### Source data

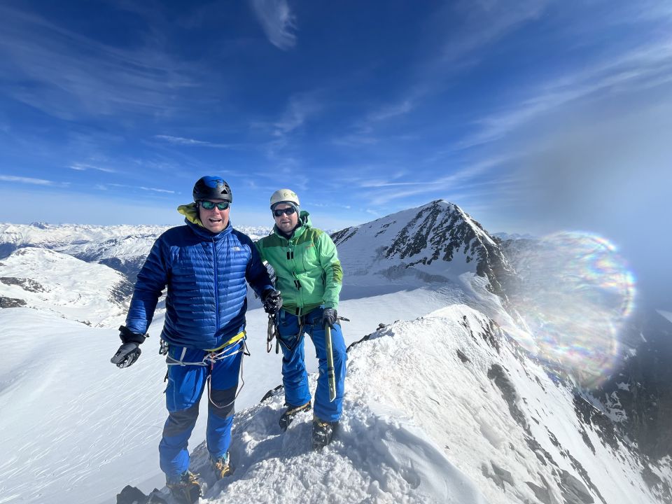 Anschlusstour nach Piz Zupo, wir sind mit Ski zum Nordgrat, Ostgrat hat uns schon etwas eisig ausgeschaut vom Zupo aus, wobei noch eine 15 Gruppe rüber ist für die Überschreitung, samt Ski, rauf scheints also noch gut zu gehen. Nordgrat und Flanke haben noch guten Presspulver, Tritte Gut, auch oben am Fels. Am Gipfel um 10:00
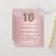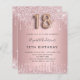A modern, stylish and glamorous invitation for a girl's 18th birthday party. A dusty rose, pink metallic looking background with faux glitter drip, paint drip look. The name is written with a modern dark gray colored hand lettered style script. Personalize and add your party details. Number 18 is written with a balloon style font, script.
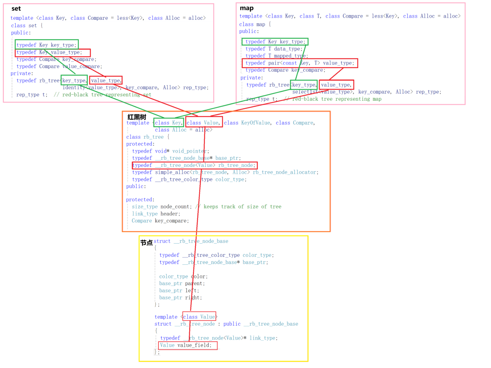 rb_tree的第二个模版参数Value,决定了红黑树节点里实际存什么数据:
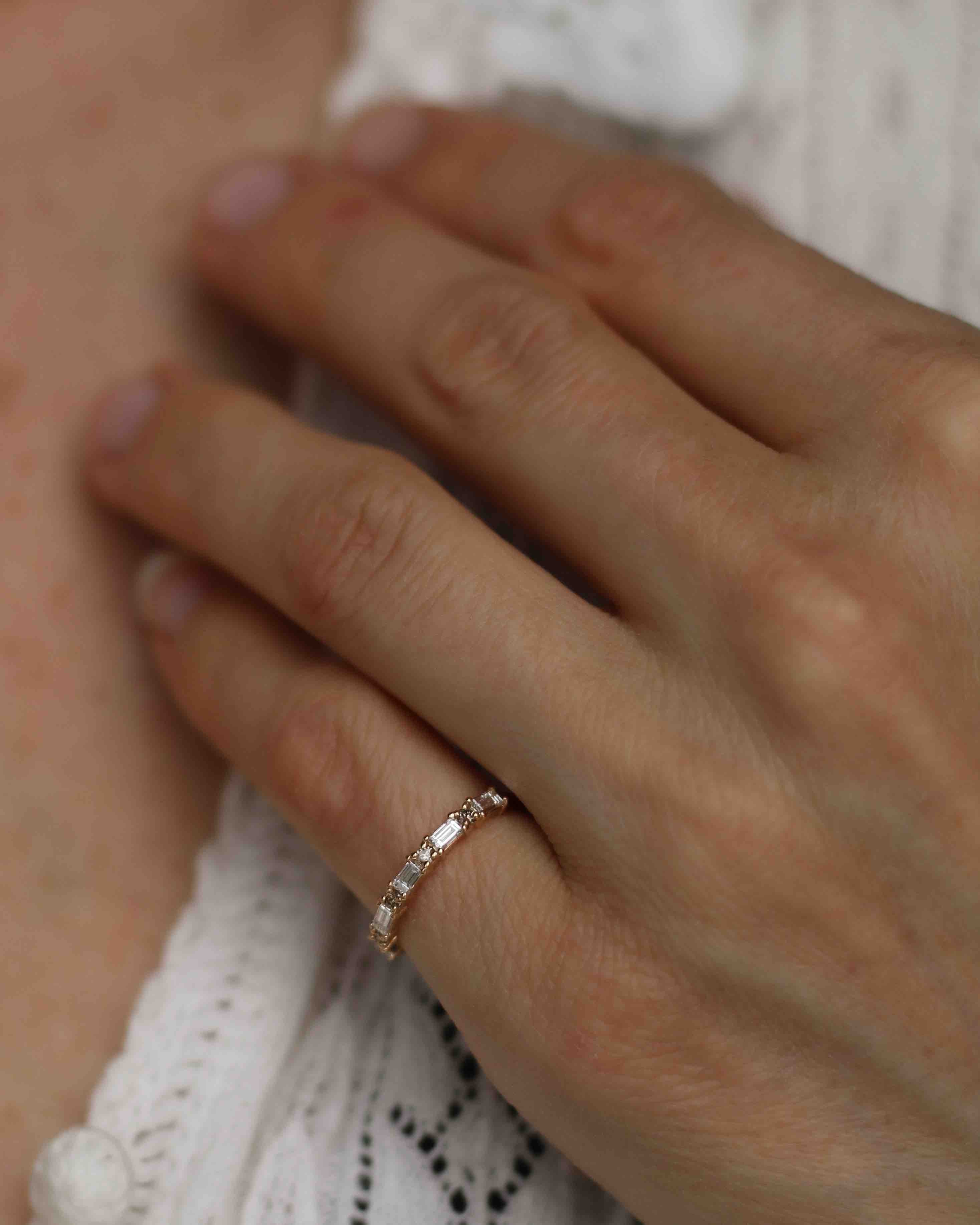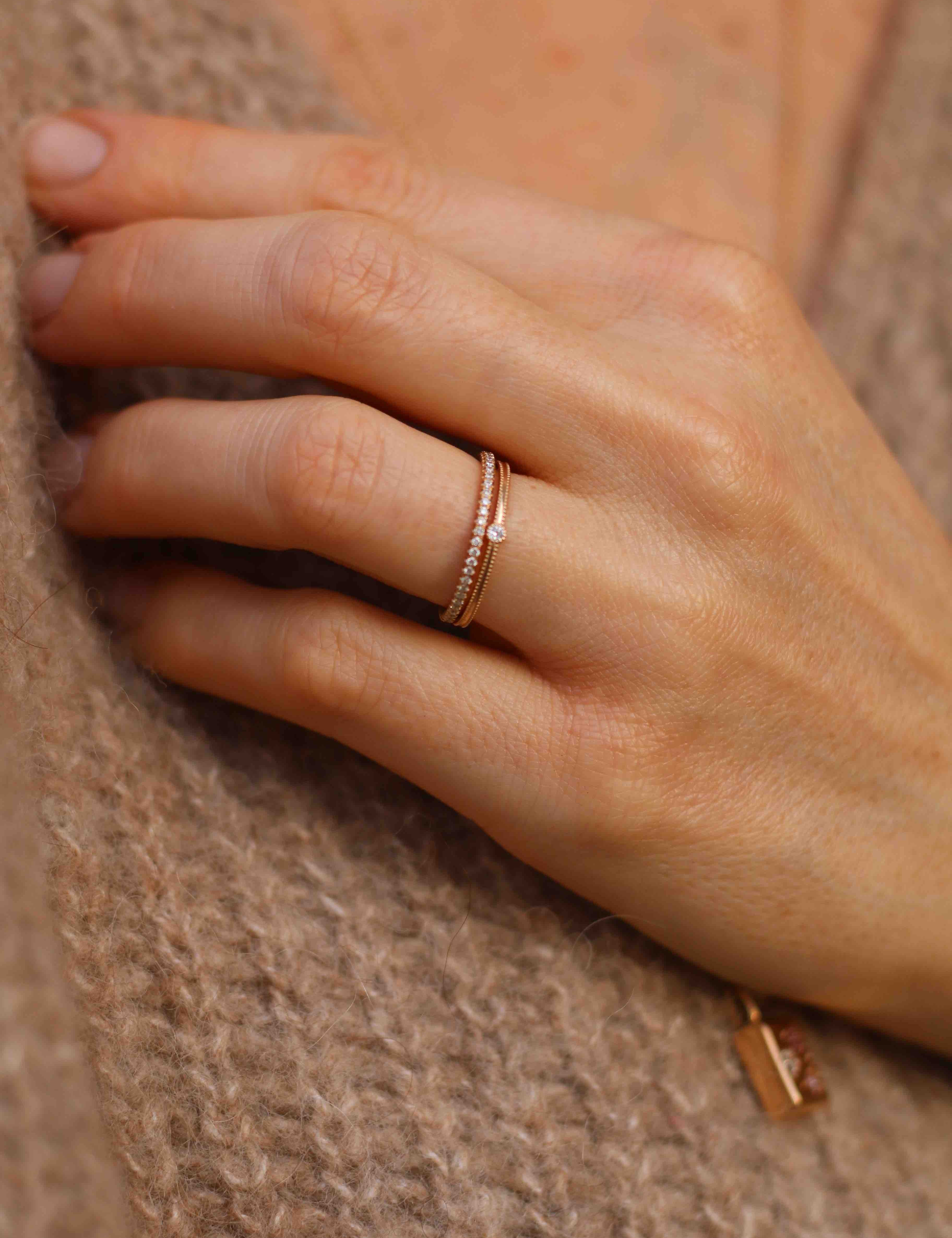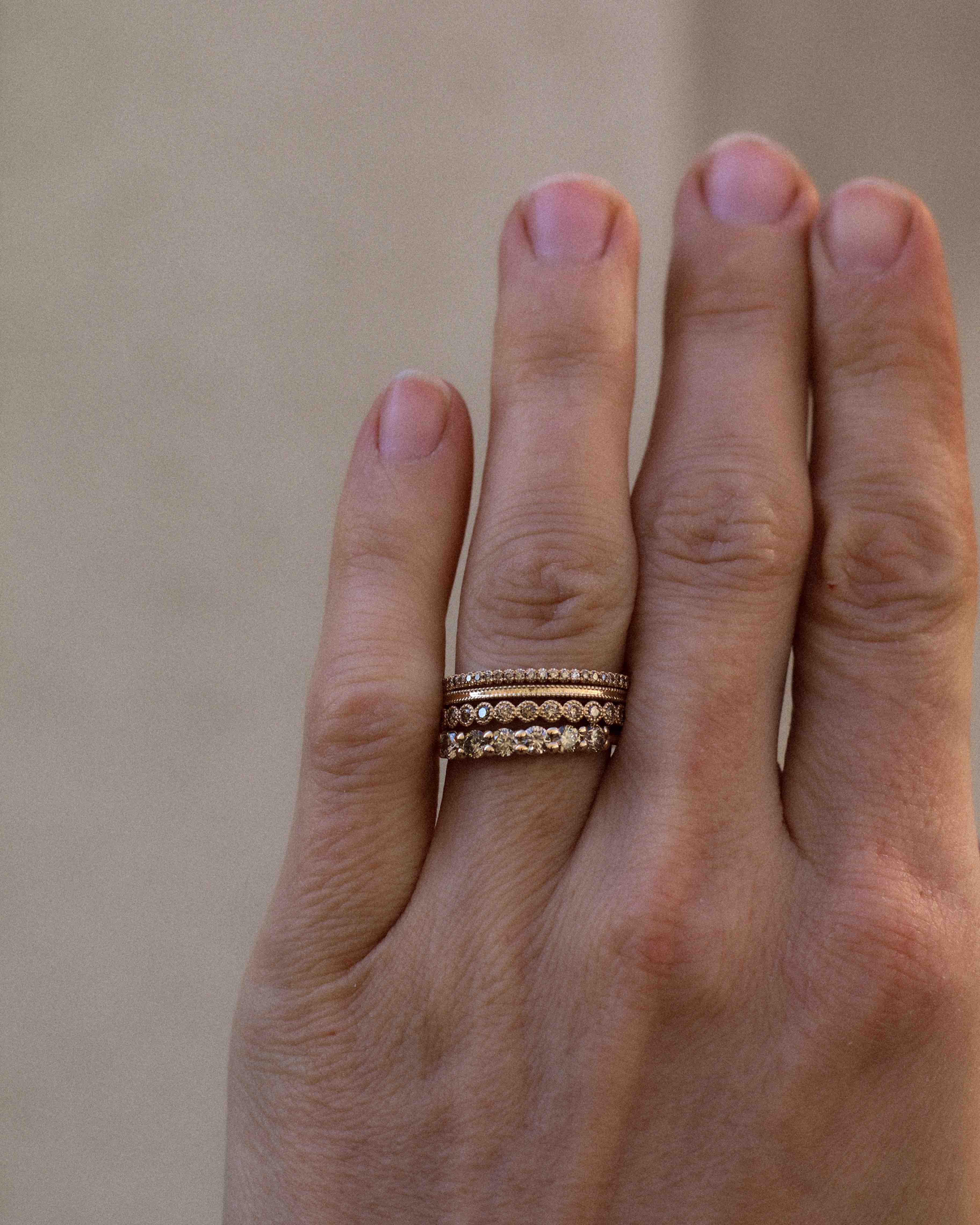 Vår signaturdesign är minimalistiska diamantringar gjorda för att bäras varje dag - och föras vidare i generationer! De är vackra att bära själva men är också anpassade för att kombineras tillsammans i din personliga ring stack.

### Aim of the exercise
Return the material word for word. Pictures are not part of the copy.

### Written response
 Anschlusstour nach Piz Zupo, wir sind mit Ski zum Nordgrat, Ostgrat hat uns schon etwas eisig ausgeschaut vom Zupo aus, wobei noch eine 15 Gruppe rüber ist für die Überschreitung, samt Ski, rauf scheints also noch gut zu gehen. Nordgrat und Flanke haben noch guten Presspulver, Tritte Gut, auch oben am Fels. Am Gipfel um 10:00
A modern, stylish and glamorous invitation for a girl's 18th birthday party. A dusty rose, pink metallic looking background with faux glitter drip, paint drip look. The name is written with a modern dark gray colored hand lettered style script. Personalize and add your party details. Number 18 is written with a balloon style font, script.
 rb_tree的第二个模版参数Value,决定了红黑树节点里实际存什么数据:
 Vår signaturdesign är minimalistiska diamantringar gjorda för att bäras varje dag - och föras vidare i generationer! De är vackra att bära själva men är också anpassade för att kombineras tillsammans i din personliga ring stack.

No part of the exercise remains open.